§ **REQUIRED WORK**:
Leave out the pictures and repeat the data exactly.

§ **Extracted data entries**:
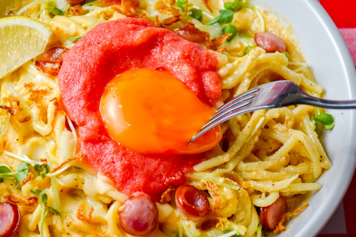 春の期間限定メニューはパンチョならではの、にんにくとチーズ風味のカルボナーラ風まぜスパ。パンチョの定番人気メニュー「白ナポ」もカルボ系ですが、より濃厚でコク深くカルボ感をアップ。その上にはピリ辛の明太子ソースと卵黄(テイクアウトは玉子焼き)を、そして旨味をさらに引き立てるスライスソーセージをトッピングしたホワイト系のパンチョに仕上げました。カットレモンを絞ればさっぱり味変も試せちゃう。こく旨明太チーズカルボ風を最後まで楽しんでいただけるよう、ミニリゾット用のオリーブオイルをあえた追いオリーブ飯も無料でご提供します。
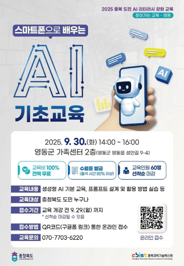 À̹ø ±³À°Àº ÃæºÏ µµ¹ÎÀ̶ó¸é ´©±¸³ª Âü¿©ÇÒ ¼ö ÀÖÀ¸¸ç, »ý¼ºÇü AI ±âº» °³³ä°ú ÇÁ·ÒÇÁÆ® ¼³°è ¹× Ȱ¿ë ¹æ¹ýÀ» ½Ç½À Áß½ÉÀ¸·Î ´Ù·é´Ù. ±³À°ºñ´Â Àü¾× ¹«·áÀ̸ç, Ãâ¼® ½Ã°£ÀÇ 80% ÀÌ»óÀ» À̼öÇÏ¸é ¼ö·áÁõµµ ¹ß±ÞµÈ´Ù. ¸ðÁý ÀοøÀº 60¸íÀ¸·Î, ¼±Âø¼ø ¸¶°¨µÈ´Ù.
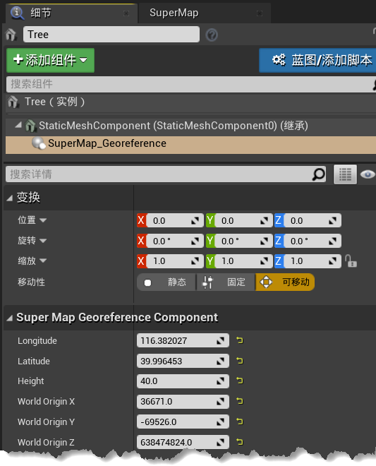 本页面提供SuperMap Georeference组件使用方法。基于SuperMap Georeference组件,可以将Unreal Engine对象移动到指定经纬度和指定高度处。
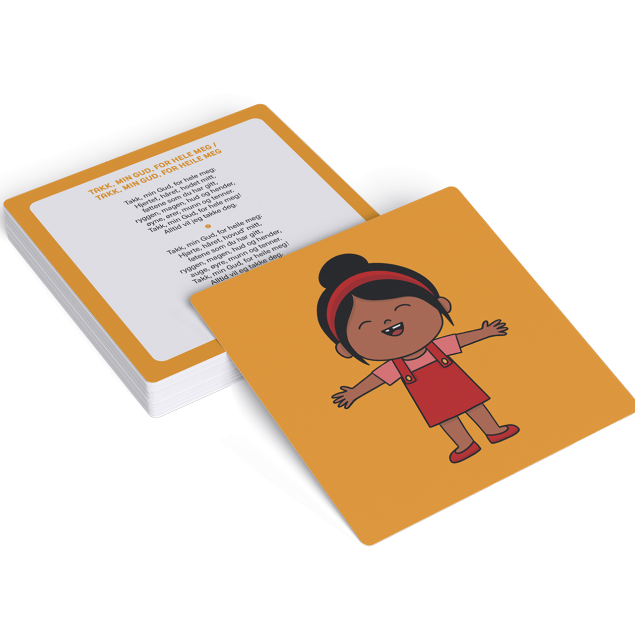 De fargerike kortene har illustrasjoner som hører til sangen bakpå. Her finner du Takk min Gud, for hele meg, Når det stormer, Gud pass på vår jord og andre favoritter.
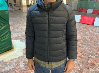 Chaqueta de plumas de pato naturales con un diseño acolchado. Dos bolsillos laterales con cremallera y otro interior. Al ser de pluma abriga bastante. Usada pero en buen estado. Único desperfecto el descosido en la manga que se ve en una de las fotos.
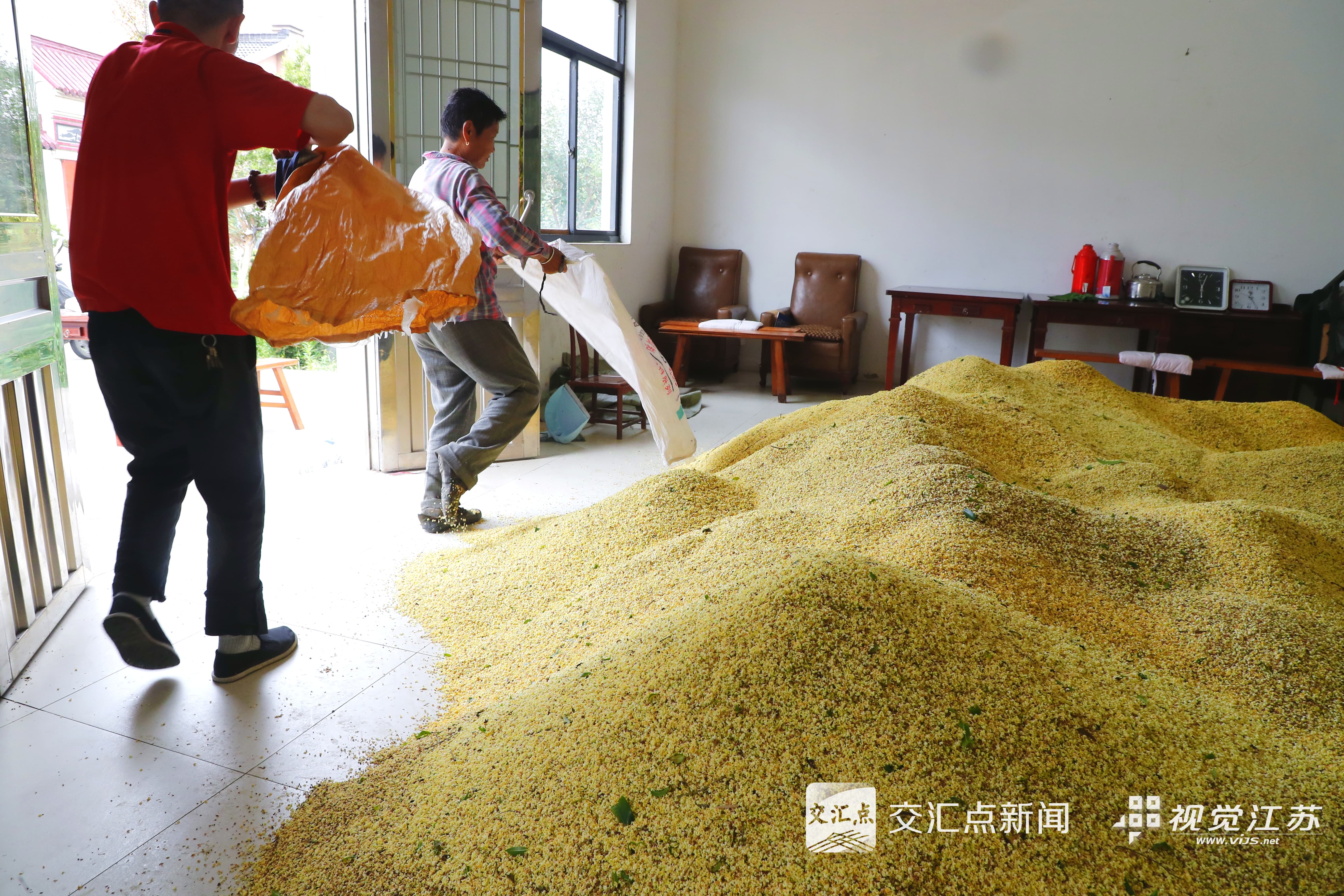 金秋时节,沃野流金。江苏各乡村迎来丰收季,水稻、玉米等庄稼陆续成熟,葡萄、脆梨等果实满枝,菊花、桂花等遍地花香,鱼蟹养殖采收忙......渔船满载而归,农民抢抓农时收割,确保颗粒归仓,田间地头洋溢着丰收的喜悦。
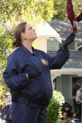 Brennan starts seriously reevaluating her life situation. Angela (Michaela Conlin) and Hodges’ announcement that they’re moving to France makes Brennan reflect that perhaps there’s more to life than solving murders, and maybe husband Booth could do something that gets him out of the line of fire as well. By the episode’s end, both of them are saying goodbye to their respective institutions, to the tearful farewells of lab boss Cam (Tamara Taylor) at Brennan’s end and both partner agent Aubrey (John Boyd) and prosecutor Caroline Julian (Patricia Belcher) at Booth’s.
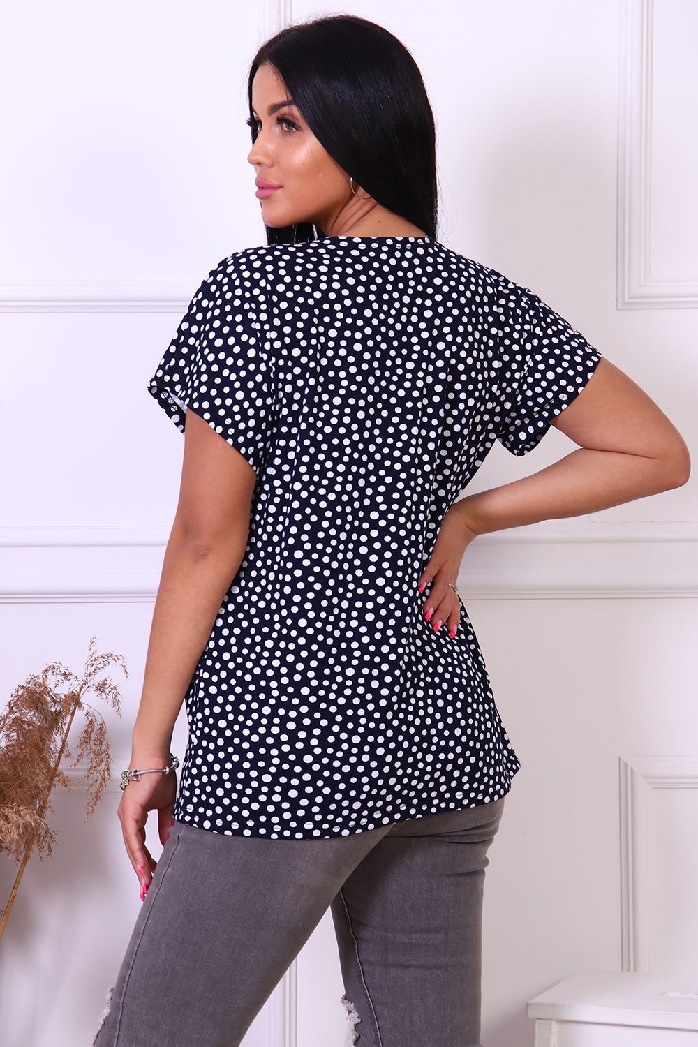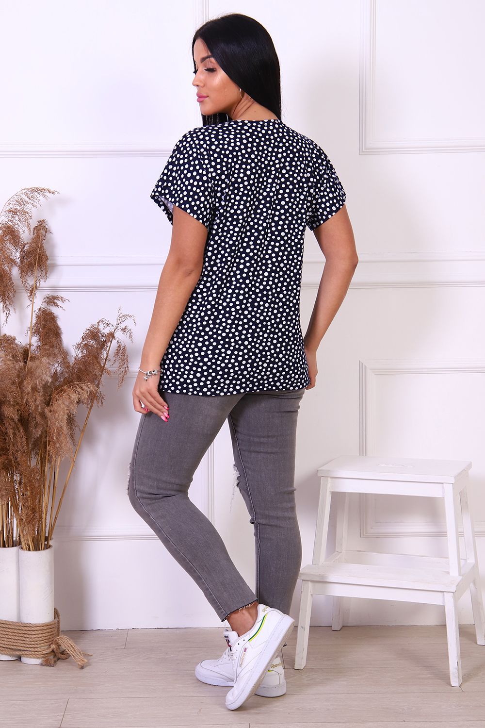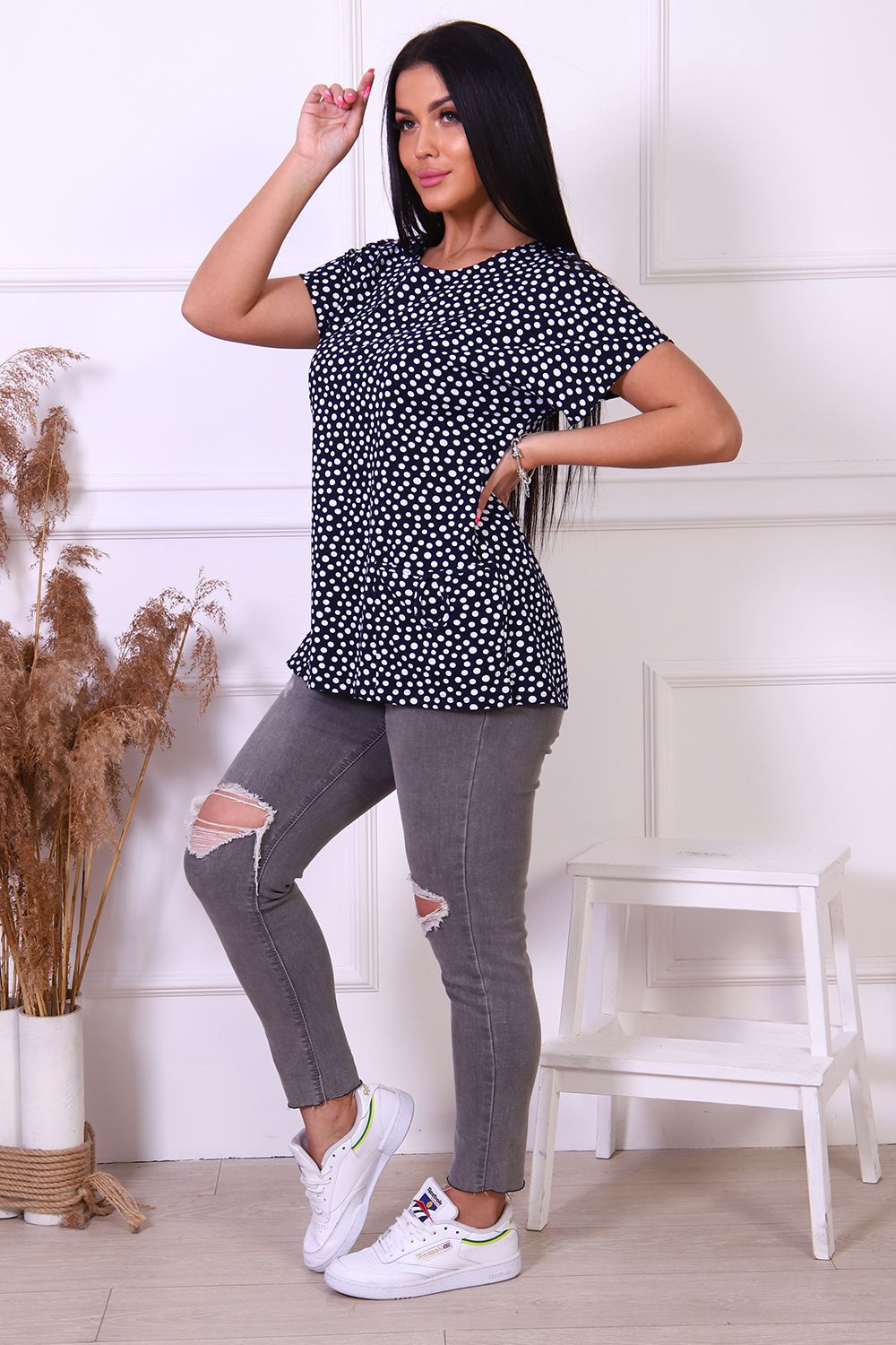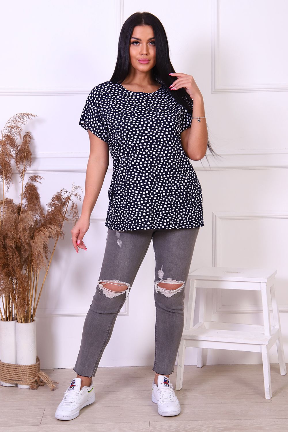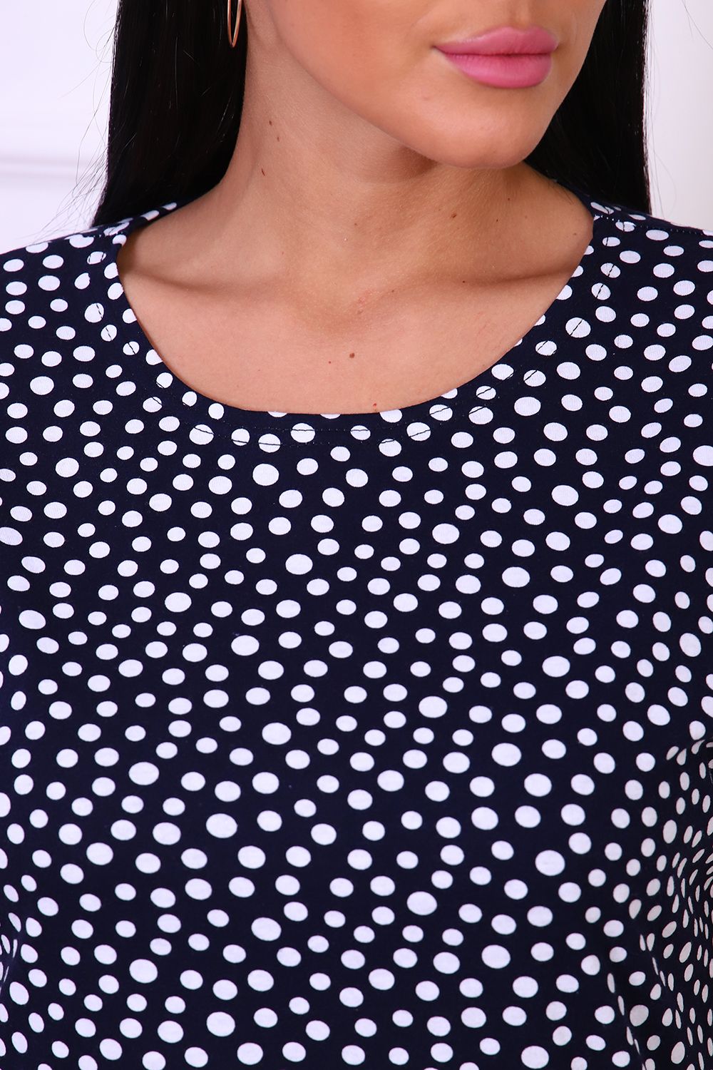 Туника женская приталенного силуэта, спущенная линия плеча, имеются накладные карманы, обработанные бейкой с фигурным вырезом. Рисунок - белый горох на черном фоне придаст образу женственность и очарование.

§ **OUTPUT OF THE EXERCISE**:
 春の期間限定メニューはパンチョならではの、にんにくとチーズ風味のカルボナーラ風まぜスパ。パンチョの定番人気メニュー「白ナポ」もカルボ系ですが、より濃厚でコク深くカルボ感をアップ。その上にはピリ辛の明太子ソースと卵黄(テイクアウトは玉子焼き)を、そして旨味をさらに引き立てるスライスソーセージをトッピングしたホワイト系のパンチョに仕上げました。カットレモンを絞ればさっぱり味変も試せちゃう。こく旨明太チーズカルボ風を最後まで楽しんでいただけるよう、ミニリゾット用のオリーブオイルをあえた追いオリーブ飯も無料でご提供します。
 À̹ø ±³À°Àº ÃæºÏ µµ¹ÎÀ̶ó¸é ´©±¸³ª Âü¿©ÇÒ ¼ö ÀÖÀ¸¸ç, »ý¼ºÇü AI ±âº» °³³ä°ú ÇÁ·ÒÇÁÆ® ¼³°è ¹× Ȱ¿ë ¹æ¹ýÀ» ½Ç½À Áß½ÉÀ¸·Î ´Ù·é´Ù. ±³À°ºñ´Â Àü¾× ¹«·áÀ̸ç, Ãâ¼® ½Ã°£ÀÇ 80% ÀÌ»óÀ» À̼öÇÏ¸é ¼ö·áÁõµµ ¹ß±ÞµÈ´Ù. ¸ðÁý ÀοøÀº 60¸íÀ¸·Î, ¼±Âø¼ø ¸¶°¨µÈ´Ù.
 本页面提供SuperMap Georeference组件使用方法。基于SuperMap Georeference组件,可以将Unreal Engine对象移动到指定经纬度和指定高度处。
 De fargerike kortene har illustrasjoner som hører til sangen bakpå. Her finner du Takk min Gud, for hele meg, Når det stormer, Gud pass på vår jord og andre favoritter.
 Chaqueta de plumas de pato naturales con un diseño acolchado. Dos bolsillos laterales con cremallera y otro interior. Al ser de pluma abriga bastante. Usada pero en buen estado. Único desperfecto el descosido en la manga que se ve en una de las fotos.
 金秋时节,沃野流金。江苏各乡村迎来丰收季,水稻、玉米等庄稼陆续成熟,葡萄、脆梨等果实满枝,菊花、桂花等遍地花香,鱼蟹养殖采收忙......渔船满载而归,农民抢抓农时收割,确保颗粒归仓,田间地头洋溢着丰收的喜悦。
 Brennan starts seriously reevaluating her life situation. Angela (Michaela Conlin) and Hodges’ announcement that they’re moving to France makes Brennan reflect that perhaps there’s more to life than solving murders, and maybe husband Booth could do something that gets him out of the line of fire as well. By the episode’s end, both of them are saying goodbye to their respective institutions, to the tearful farewells of lab boss Cam (Tamara Taylor) at Brennan’s end and both partner agent Aubrey (John Boyd) and prosecutor Caroline Julian (Patricia Belcher) at Booth’s.
 Туника женская приталенного силуэта, спущенная линия плеча, имеются накладные карманы, обработанные бейкой с фигурным вырезом. Рисунок - белый горох на черном фоне придаст образу женственность и очарование.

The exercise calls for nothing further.